Monday, 28 May 2007

Federal case won't revive question on capital punishment

May 27, 2007

West Virginia

Death penalty debate

Federal case won't revive question on capital punishment

By Lawrence Messina, Times West Virginian

CHARLESTON - Even if a federal jury delivers the first death sentences in
West Virginia in more than 40 years, the debate over reviving capital
punishment for state crimes is not expected to change much.

Such has been the case in five other states without a death penalty, after
federal prosecutors sent inmates to death row in each, noted Richard Dieter,
director of the Death Penalty Information Center.

"It does allow a jury within the state to do what otherwise can't be done -
voting on life and death," said Dieter, whose group opposes capital
punishment. "It raises the issue, but I don't know whether it makes the
death penalty more palatable or less."

The Legislature'

s leading advocate of restoring the death penalty in West
Virginia hopes the pending case improves his chances.

"I've been puzzled over the years as to why we haven't gotten capital
punishment passed," said Delegate John Overington, R-Berkeley. "It seems
like it's a pretty heinous crime. I think it's cases like that that help
make the case."

A U.S. District jury in Charleston deliberated for 16 hours over three days
last week on whether to sentence George "Porgy" Lecco and Valerie Suzette
Friend to death or to life in prison without parole. Jurors resume
deliberations Tuesday.

Earlier this month, the jury convicted Friend, 44, of murdering Carla Gail
Collins in April 2005 on orders from Lecco. Collins, a 33-year-old single
mother, had been helping a federal task force investigating a cocaine ring
that Lecco, 57, ran out of a drive-through pizza parlor.

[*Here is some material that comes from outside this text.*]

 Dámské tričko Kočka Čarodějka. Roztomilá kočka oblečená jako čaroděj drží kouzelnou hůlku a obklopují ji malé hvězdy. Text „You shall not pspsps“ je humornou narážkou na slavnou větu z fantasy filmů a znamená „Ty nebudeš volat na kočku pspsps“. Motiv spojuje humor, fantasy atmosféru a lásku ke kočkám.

Collins' status as an informant and Friend's use of a firearm each made her
killing a death penalty case under federal law. A grand jury indicted the
pair on the capital crime charges in October 2005. U.S. Attorney General
Alberto Gonzales approved its use against them in May 2006.

The case against Lecco and Friend is among about 420 nationwide where
federal prosecutors have pursued the death penalty since 1988, when it was
restored for federal crimes, according to figures cited by Dieter from the
Federal Death Penalty Resource Council.

Only 162 of those reached trial, and of those slightly more than a third -
57 cases - ended with death sentences. Thirty-two of those sentences had
been won during President Bush's tenure, Dieter said.

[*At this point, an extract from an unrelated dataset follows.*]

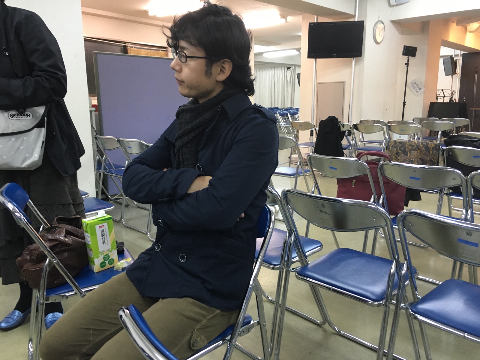 サムエルさん、今日はマフラー。

Four federal defendants were sentenced to death last year, Dieter said, and
51 inmates are on federal death row nationwide.

But while federal prosecutors have sought the death penalty in three other
West Virginia cases since 1990, none of those got that far. But they have
landed it in Iowa, Massachusetts, Michigan, Vermont and North Dakota - which
along with West Virginia and six other states have abolished capital
punishment for state offenses.

The Mountain State removed the death penalty from its books in 1965. Its
last death sentence was carried out in 1959, when 43-year-old Elmer Bruner
was electrocuted for a Cabell County murder.

First elected to the House in 1984, Overington has introduced death penalty
legislation without success for more than 20 years. Citing polling on the
question, he argues that West Virginians support capital punishment - and
perhaps by a 2-to-1 margin.

Overington's bill would threaten death for the murder of an informant. It
would also apply in murder-for-hire cases; Lecco offered Friend cocaine to
kill Collins, the jury found.

But Overington also said that his bill would also apply "only when the guilt
is not in doubt." Though found guilty, Friend's defense did not concede to
any role in the killing during the penalty phase.